Normally, cells grow and divide to form new cells. When these cells become old or damaged, they die and are replaced by new cells. This process is controlled by genes. However, sometimes, this orderly process does not occur. Old and damaged cells do not die, and new cells continue dividing even when the body does not need them. As a result, a mass of tissue—a ‘tumour’ or ‘lump’—is formed.
This tumour or lump can be benign or malignant. Benign tumours are not cancers, while malignant tumours are made of cancer cells. Benign tumours usually grow slowly and do not spread to other parts of the body, while malignant tumours grow more quickly and invade adjoining parts of the body or spread to other organs. A cancer cell is a cell with the ability to grow out of control and invade other tissues. In most cases, cancer cells form a tumour; however, in some cases, such as leukaemia, there may not be any tumour. In this book, only malignant tumours or cancers are discussed.
Cause of Cancer
The exact cause of cancer is unknown. What is known is that cancer is caused by damage to the genes that control cell division and growth. All cancers are genetic because they are caused by abnormal genes. This damage to genes is a result of interactions between a person’s genetic factors and external factors, including:
- physical agents, such as ionising radiation
chemical agents, such as tobacco smoke
biological agents, such as infections from bacteria and viruses.
Ageing is another factor for the development of cancer.

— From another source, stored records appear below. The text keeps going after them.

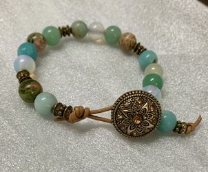 Jade, Moonstone, Jasper, & Leather Bracelet $15Visalia, CA
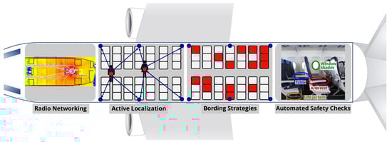 Given these capabilities, the application of integrated WSNs within the connected aircraft cabin provides considerable operational potentials, such as dynamic control of passenger boarding or disembarkation sequences under pandemic requirements [,]. Figure 1 presents application areas outlining the joint use of communication, localization and sensing for aircraft operations. In this paper, we address two of these potentials using radio sensing: seat occupancy detection and the automation of passenger safety checks/announcements.
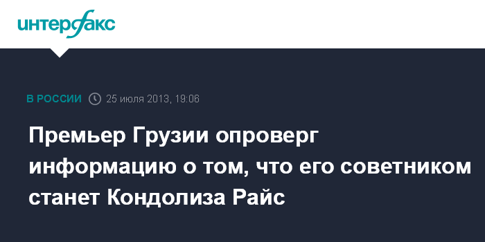 Тбилиси. 25 июля. INTERFAX.RU - Премьер-министр Грузии Бидзина Иванишвили опроверг распространенную в некоторых СМИ информацию о том, что экс-госсекретарь США Кондолиза Райс может стать его советником.
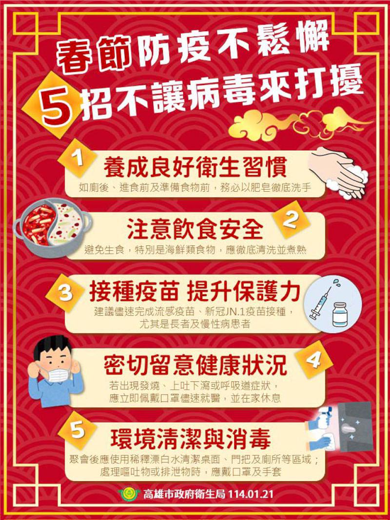 根據疾管署監測資料顯示,114年1月12日至18日類流感急診就診率全國12.38%、高市12.72%,超過平均值11%,另流感併發重症確診全國141例(死亡13例)、高市17例(死亡零例),其中滿65歲占52.9%,逾7成具慢性病史,逾8成未接中流感疫苗,腹瀉全國急診就診率8.76%、高市7.85%,創5年新高,根據統計,截至1月20日,公費流感疫苗剩24000劑,提醒接種疫苗滿2週才能產生抗體,盡速施打提升防護力。更多防疫資訊可上衛生局官網查詢或電洽防疫專線1922、0800-001-922、(07)7230250。圖/衛生局提供、文/高培德
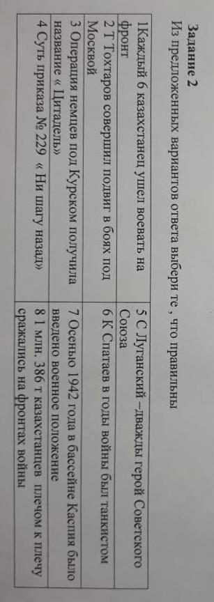 Некоторые вопросы достаточно странные, в том плане, что, например, по пункту № 1 (каждый 6-й казахстанец ушёл на войну) - по идее на войну ушёл каждый 5-й казахстанец. Поэтому непонятно, как оценивать это утверждение - скорее всего, оно - неверное.
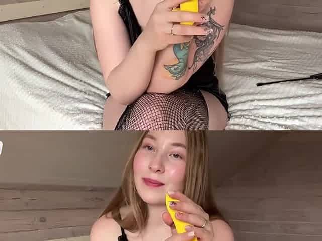 Nerdy Ingrida With Brille Late Night Mutual Masturbation With Bananas Fruit Jilling
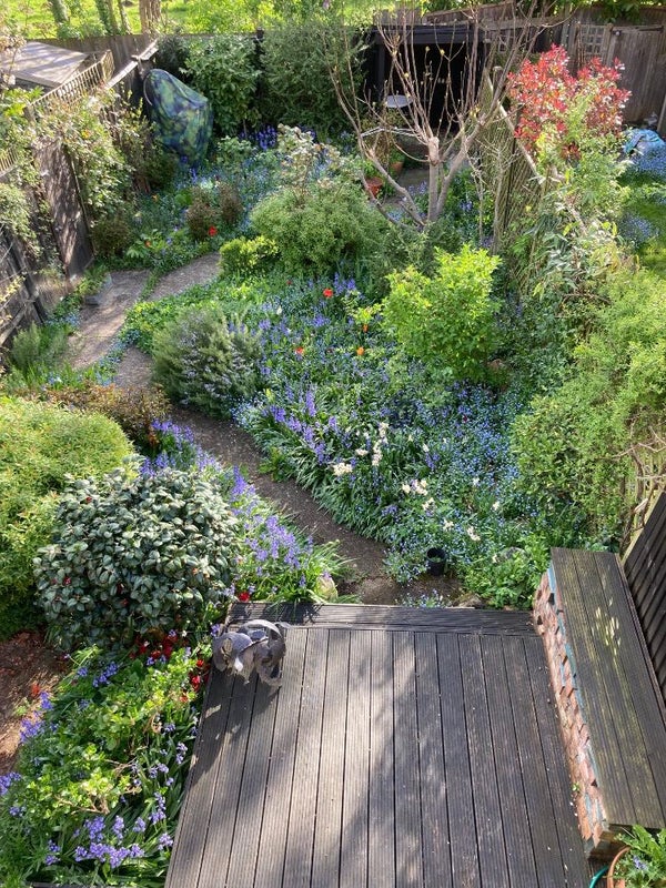 * large beautiful garden (6 x 25 m) with decking area + two other spots with a bistro table, well maintained but giving a sense of wilderness thanks to the design, curtained at the back with tall trees and no vis a vis.
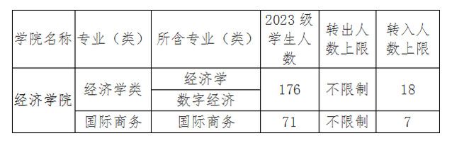 学院不限制各专业(类)学生的转出人数,有意愿转出并符合报名条件的学生均可向学院提出调整修读专业(类)申请。调入名额为2023级各专业在册人数的10%,各专业类具体名额如下,各专业类名额不互通使用。全校的转入名额见(附件1)。
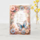 Pretty jewel-like butterfly surrounded by delicate pink, peach and blue flowers on editable card that's ideal for birthday, thank you, sympathy, anniversary, invitation, and other occasion card.
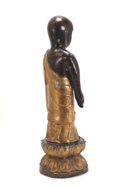 Stehender Buddha Wohl 19. Jh. Bronze mit Goldstaffage. In Meditationspose stehender, junger Buddha auf doppeltem Lotuspodest. Sein Haupt ist kahl geschoren, seine Ohrläppchen langgezogen, das Gewand typischerweise dreiteilig. Verso Kartusche mit asiatischen Schriftzeichen. Sockel unten geschlossen. Größe ca. 15 x 15 cm, Höhe ca. 47 cm, Gewicht ca. 4,5 kg. Zeigefinger der linken Hand abgebrochen. Schöne Patina. Provenienz: süddeutsche Privatsammlung.
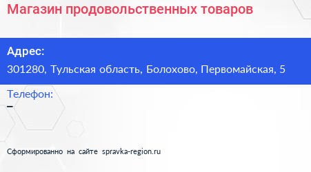 Магазин продовольственных товаров по адресу 301280, Тульская область, Болохово, Первомайская, 5 в дальнейшем Организация, размещена в следующих категориях:
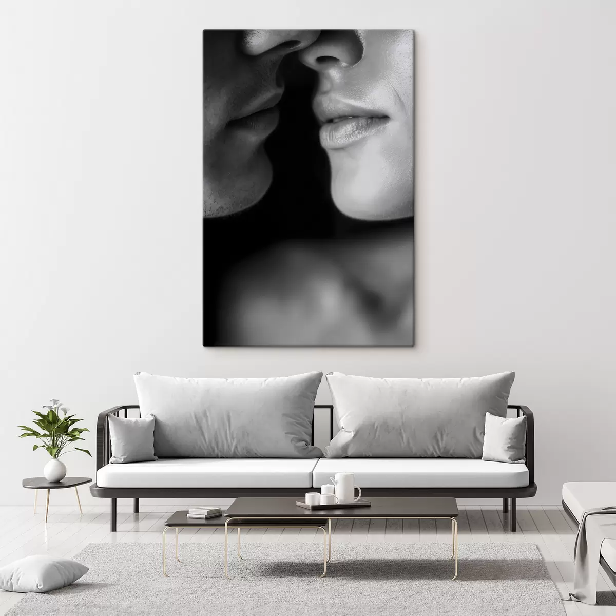 Wandbilder Schwarz-weiße Lippen eines Mannes und einer Frau s47687
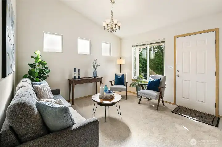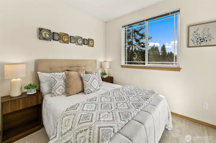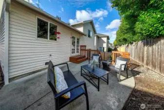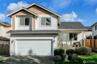 Impeccably maintained tri-level home in the Woodbridge community. Amazing opportunity to own this 3-bedroom, 2.5 bath beauty with a 2-car attached garage! Enjoy fresh paint and carpets throughout. The main floor features a formal living room and large dining room with French doors opening to a lovely upper patio, all adjacent to a spacious open kitchen featuring a new stainless refrigerator, gas range and vent hood, and newer stainless dishwasher, plus an eating bar & huge walk-in pantry. Relax in the spacious family room on the lower level with a recently updated gas fireplace & sliders opening to a private lower patio. Upper-level hosts 3 bedrooms including a large primary suite with vaulted ceilings featuring two closets & en-suite bath, and laundry closet with newer washer and dryer. This home is buffered by trees, quiet but close to everything. Easy access to I-5, 405 & Hwy 99!
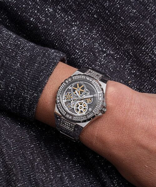 Naj vas očara unikatna ura modne znamke Guess . Ura bo pritegnila pozornost z ohišjem, v celoti obloženim z bleščečimi kristali . Vleč iz nerjavečega jekla se mu popolnoma ujema. Luminescenčne roke zagotavljajo odlično berljivost. Luksuzne ure Reveal so kos nakita, ki mu nikoli ne bo dolgčas.
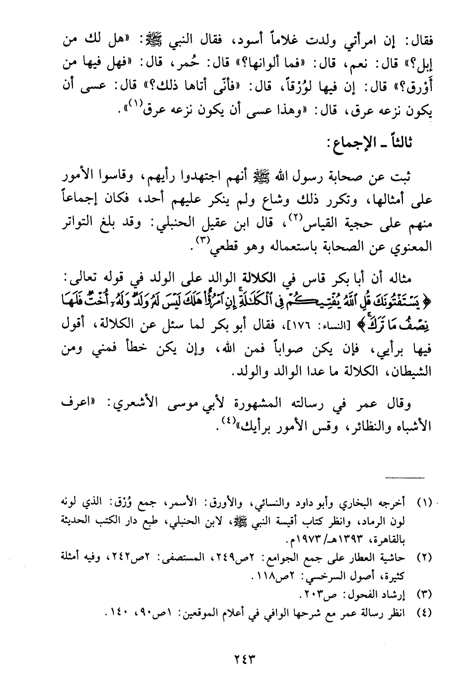(١) أخرجه البخاري وأبو داود والنسائي، والأورق: الأسمر، جمع وُرْق: الذي لونه لون الرماد، وانظر كتاب أقيسة النبي - صلى الله عليه وسلم -، لابن الحنبلي، طبع دار الكتب الحديثة بالقاهرة، ١٣٩٣ هـ/ ١٩٧٣ م.
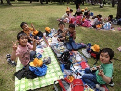 5月8日(木)1・2年生が、浜寺公園に行ってきました。有名なバラ庭園を見学した後、遊具で遊びました。その後、お待ちかねのお弁当の時間です。1年生にとっては、小学校での初めての遠足です。愛情いっぱいのお弁当を、とてもうれしそうに食べていました。お菓子も食べて、ゆっくりした後に移動して、別の遊具で遊びました。
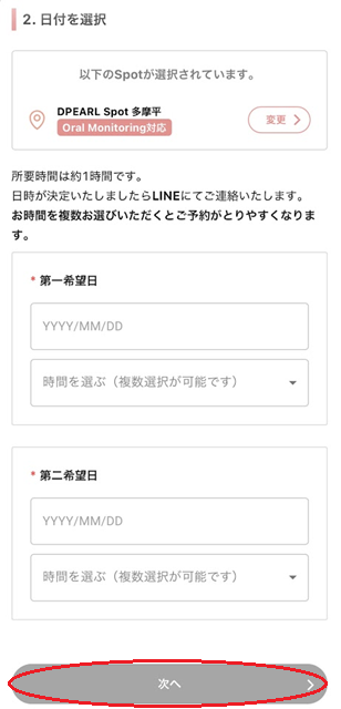 第一希望・第二希望の日時を選択し、「次へ」をクリック(タップ)します。
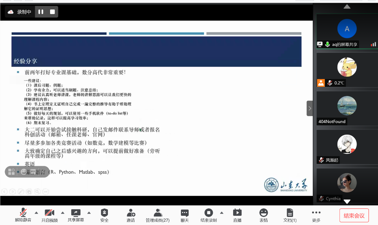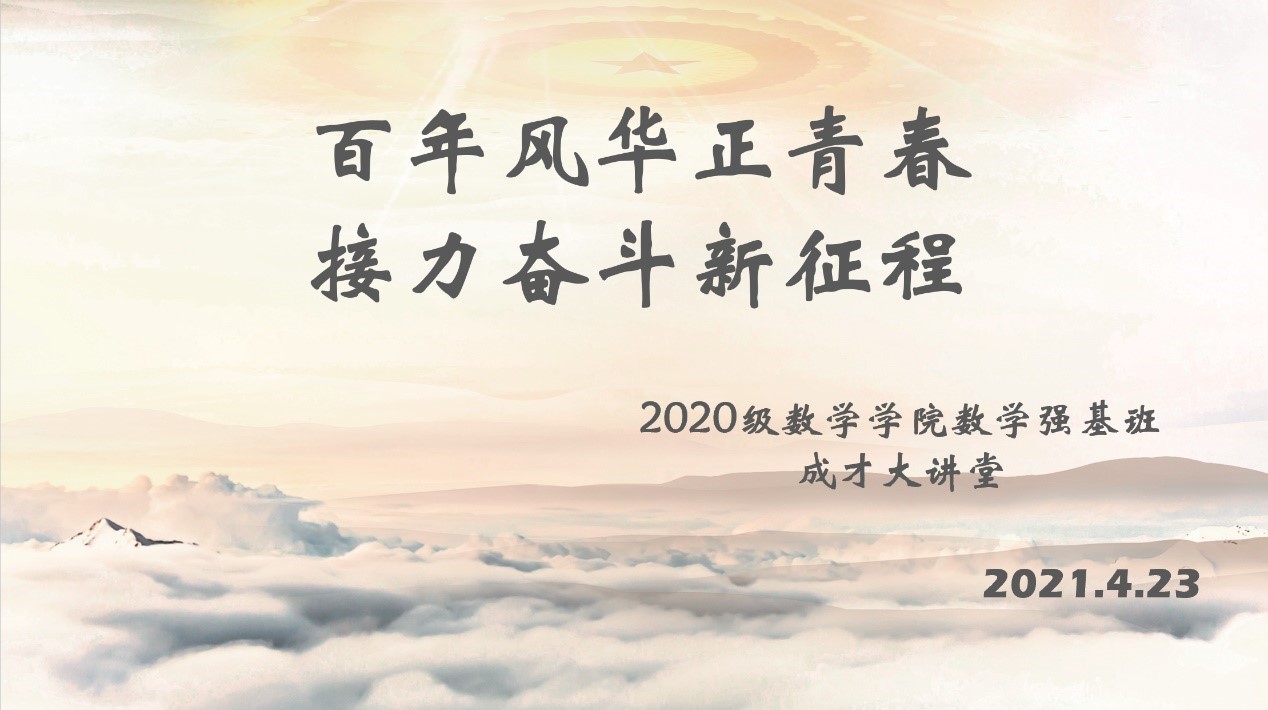 4月23日,申博sunbet2020级强基班线上举办“百年风华正青春 接力奋斗新征程”成才大讲堂活动。2018级国家奖学金获得者谢琪娜,本科生党支部党员刘小雨、王霞受邀主讲。2020级强基班全体同学参加,班长孙菁涵主持。

The risk of cancer increases dramatically with age, which is most likely due to a build-up of risks for those cancers that increase with age.
Spread of Cancer
Cancer spreads in three ways:
- local spread: cancer invades the surrounding normal tissue
through lymph vessels: cancer invades the lymph system and travels through the lymph vessels to other parts of the body
through blood vessels: cancer invades the capillaries and veins and travels through the blood vessels to other parts of the body.
Primary and Secondary Malignant Cancers
The location where cancer cells first develop is the ‘primary’ cancer. When these primary cancer cells break away and are carried in the blood or lymph vessels to other parts of the body, this is ‘secondary’ or ‘metastatic’ cancer. This process is called ‘metastasis’. For example, breast cancer can spread to the bones when it is metastatic breast cancer. Metastatic or secondary cancers contain original cancer cells.
Types of Cancer
There are many types of cancers. These are named after the cells or tissues in which they began. Some types of cancers are as follows:
- Carcinomas: these begin in the lining of internal organs or the skin.
Examples are squamous cell carcinoma (SCC) and adenocarcinoma.
Almost 85% of all cancers are carcinomas.
- Sarcomas: these begin from connective tissues that support the body organs, such as the bones, cartilage and tendons. An example is osteosarcoma.
Leukaemia: this arises from blood cells.
Lymphomas: these arise from lymph tissues.
Genetic and Inherited Cancer
All cancers are genetic because cancer is caused by abnormal genes. When a damaged gene is passed from one generation to another, it is said to be inherited. For example, FAP and hereditary breast and ovarian cancer are inherited cancers. Only a very small percentage of cancers (five to 10%) are inherited.